Week 6/ Biotech ethics / Lam Tran

I am really concerned about the ethics behind biotechnology.

Some of the things freak me out. The best example of this is Steelarc’s third ear in his arm. WHY!!!! Seriously, I think most of the class will agree with me that implanting a third ear is just plain insane. What creeps me out more is that it is suppose to actually work. O.K., growing the flesh in a petri dish is relatively basic compared to the actual wiring into the nerves and recreating all the small parts ( such as the eardrum, hammer, Cochlea, etc ).

http://www.health.state.ny.us/nysdoh/antibiotic/ear.gif

just look at how it looks, how all the tubes are arching about and such. Then again, perhaps it the ear Steelarc might be a simplified version of it and might not be able to hear as well as his normal ears.

However, at least he is subjecting himself to his experiments. If he was to screw up and the ear ends up tasting the air instead of hearing things, at least he is the one responsible for it.

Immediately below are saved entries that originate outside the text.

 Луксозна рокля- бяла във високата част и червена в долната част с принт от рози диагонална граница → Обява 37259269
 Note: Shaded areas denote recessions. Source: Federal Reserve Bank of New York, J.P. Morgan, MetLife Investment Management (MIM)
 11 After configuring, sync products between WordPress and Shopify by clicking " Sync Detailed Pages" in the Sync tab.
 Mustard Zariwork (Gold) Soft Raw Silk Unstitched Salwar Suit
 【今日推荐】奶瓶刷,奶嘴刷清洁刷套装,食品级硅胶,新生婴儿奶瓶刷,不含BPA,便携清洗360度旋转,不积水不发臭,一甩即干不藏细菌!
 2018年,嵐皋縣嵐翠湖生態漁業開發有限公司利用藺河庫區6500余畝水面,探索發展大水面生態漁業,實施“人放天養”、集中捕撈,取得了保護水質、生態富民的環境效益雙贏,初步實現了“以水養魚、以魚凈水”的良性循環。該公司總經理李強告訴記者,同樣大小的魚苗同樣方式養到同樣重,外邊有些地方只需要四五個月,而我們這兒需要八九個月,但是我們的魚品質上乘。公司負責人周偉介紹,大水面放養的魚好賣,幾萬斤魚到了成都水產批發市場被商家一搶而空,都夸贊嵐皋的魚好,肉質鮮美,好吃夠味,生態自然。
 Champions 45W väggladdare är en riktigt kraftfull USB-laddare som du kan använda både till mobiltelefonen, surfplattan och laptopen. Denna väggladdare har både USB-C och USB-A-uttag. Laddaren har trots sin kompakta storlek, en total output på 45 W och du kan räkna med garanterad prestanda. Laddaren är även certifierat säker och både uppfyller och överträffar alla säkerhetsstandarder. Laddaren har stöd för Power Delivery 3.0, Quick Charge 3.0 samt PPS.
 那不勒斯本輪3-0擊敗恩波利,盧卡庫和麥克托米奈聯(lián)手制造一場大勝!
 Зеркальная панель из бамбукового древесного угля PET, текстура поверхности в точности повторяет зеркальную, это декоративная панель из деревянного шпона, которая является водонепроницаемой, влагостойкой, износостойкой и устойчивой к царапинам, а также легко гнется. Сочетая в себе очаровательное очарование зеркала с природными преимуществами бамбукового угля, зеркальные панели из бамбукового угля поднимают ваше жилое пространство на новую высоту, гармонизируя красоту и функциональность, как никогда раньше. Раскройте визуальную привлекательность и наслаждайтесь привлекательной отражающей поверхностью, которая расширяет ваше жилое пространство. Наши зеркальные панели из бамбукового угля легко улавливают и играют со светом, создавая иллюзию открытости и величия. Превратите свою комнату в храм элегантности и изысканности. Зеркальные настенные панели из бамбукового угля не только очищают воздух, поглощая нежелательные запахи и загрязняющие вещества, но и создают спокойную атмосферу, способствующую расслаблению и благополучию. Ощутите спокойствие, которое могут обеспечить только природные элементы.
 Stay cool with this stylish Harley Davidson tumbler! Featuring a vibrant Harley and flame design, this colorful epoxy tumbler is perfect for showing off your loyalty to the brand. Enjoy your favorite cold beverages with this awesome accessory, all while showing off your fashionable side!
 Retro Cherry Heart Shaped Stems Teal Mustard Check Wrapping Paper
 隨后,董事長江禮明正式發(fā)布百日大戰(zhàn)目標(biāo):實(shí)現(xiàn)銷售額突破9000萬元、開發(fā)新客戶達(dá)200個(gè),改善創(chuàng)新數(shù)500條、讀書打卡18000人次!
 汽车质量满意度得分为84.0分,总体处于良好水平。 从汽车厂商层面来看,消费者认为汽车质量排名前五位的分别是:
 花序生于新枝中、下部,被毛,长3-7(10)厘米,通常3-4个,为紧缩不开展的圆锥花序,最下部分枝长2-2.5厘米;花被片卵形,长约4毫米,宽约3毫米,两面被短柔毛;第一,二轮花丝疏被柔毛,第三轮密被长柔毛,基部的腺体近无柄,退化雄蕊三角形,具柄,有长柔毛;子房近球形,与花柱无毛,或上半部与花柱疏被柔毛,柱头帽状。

Any torture or hardships later in life that came from this biotechnological addon. But what about experiments to animals? I’m mainly going to refer to the GFP bunny that was referred to in the lectures and in one of the readings.

http://transitos.zip.net/images/alba.jpg

I am not a vegetarian. I have clothing made of leather. I use products that are animal tested. Using animals for pharmaceutical testing before humans is, in my opinion, O.K. These are all for utilitarian reasons. There is purpose behind these acts. We gain something tangible. If we test a shampoo on an animal and it gets a rash, that saves humans the pain of having a rash. If a drug accidentally causes vomiting on its test subjects, that saves humans from vomiting. In addition, these products that are derived from animals or have to do with other animals are products on the market that in turn provide jobs and manufacturing, marketing, and retail; they, all together, provide an integral part of the world economy. Although it is not nice to say it, most people think that a human life is more important than any other animals.  However, modifying an animal to “glow” just sucks for the animal. What if the gene modifications do not work right and the rabbit had a terrible skin disorder instead? What if the gene modification created extra limbs instead? And all these risks for what? Aesthetics purposes? There is no real functionality of having a bunch of GFP bunnies about unless the entire world will be enveloped in dark light and you have a bunch of these bunnies around to light up the world. Thankfully, this GFP Bunny was just a frontier. Hopefully, this sort of art does not become popular. Having genetically modified animals as art on display is worse than having a dead animal stuffed on display. Its a freak of nature. And the process of altering the Genes is probably very expensive. The demand for selling this sort of  “art” would probably be low because of the costs and that not very many scientists can do or want to do such a thing.

I’m not apart of PETA. Like I said before, I use products from or tested from animals. As long as the benefit exceeds the cost, that the animals sacrifice somehow improves the lives of others to a reasonable degree, I am perfectly fine with it.

We should just stick with traditional art. We only lose a few plants worth of paint pigment, a few minerals for the sculpture, or some electricity if its digital. Relatively harmless to other organisms ( key word is relatively, its only leaves a small carbon footprint).